Exploiting Grammatical Relations for Protein Relation Extraction and Role Labeling

Publication type
C1
Publication status
Published
Authors
Fayruzov, T., De Cock, M., Cornelis, C., & Hoste, V.
Editor
E, Hoenkamp, M. De Cock, and V. Hoste
Series
Proceedings of the Dutch-Belgian Information Retrieval workshop (DIR-2008)
Pagination
37-44
Download
(.pdf)

Abstract

Automatic protein interaction mining from natural language texts and automatic identification of the agent and target proteins (i.e. role labeling) are challenging problems that attract a lot of attention because of the growing amount of biomedical text resources. We propose a novel approach that relies exclusively on parsing and dependency information.
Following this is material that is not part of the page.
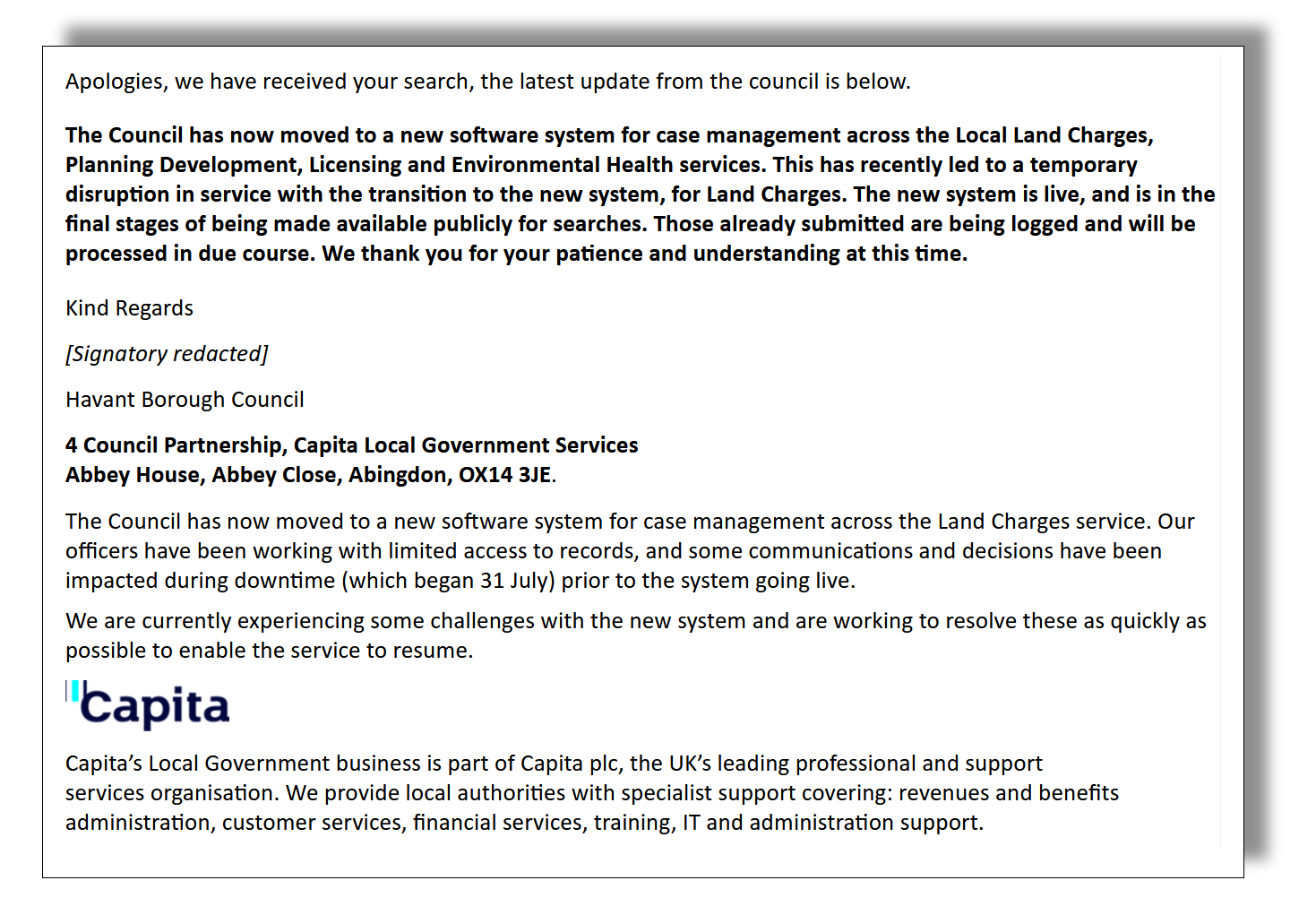We outlined the background to this issue in a previous post, dated 2 October. Since then, the continued silence from Havant Borough Council has been striking. Dozens of prospective house buyers and sellers, frustrated by delays in property searches across the borough, are receiving inadequate responses from the HBC Land Charges Team Leader – who, rather tellingly, appears to be a Capita employee working out of Abingdon, Oxfordshire.

We strategically omit any context information such as keywords or parts-of-speech to maximally abstract from the given corpora and look whether the grammatical relations correspond to the semantic relations in the text and how close this correspondence is. In particular, we construct a feature vector for each sentence only from the grammatical relations and some parsing information. We then use the obtained vector with standard machine learning algorithms in deciding whether a sentence describes a protein interaction and which roles the interaction participants play. Evaluation on benchmark datasets shows that our method is competitive with existing state-of-the-art algorithms for the extraction of protein interactions, and gives promising results for protein role detection.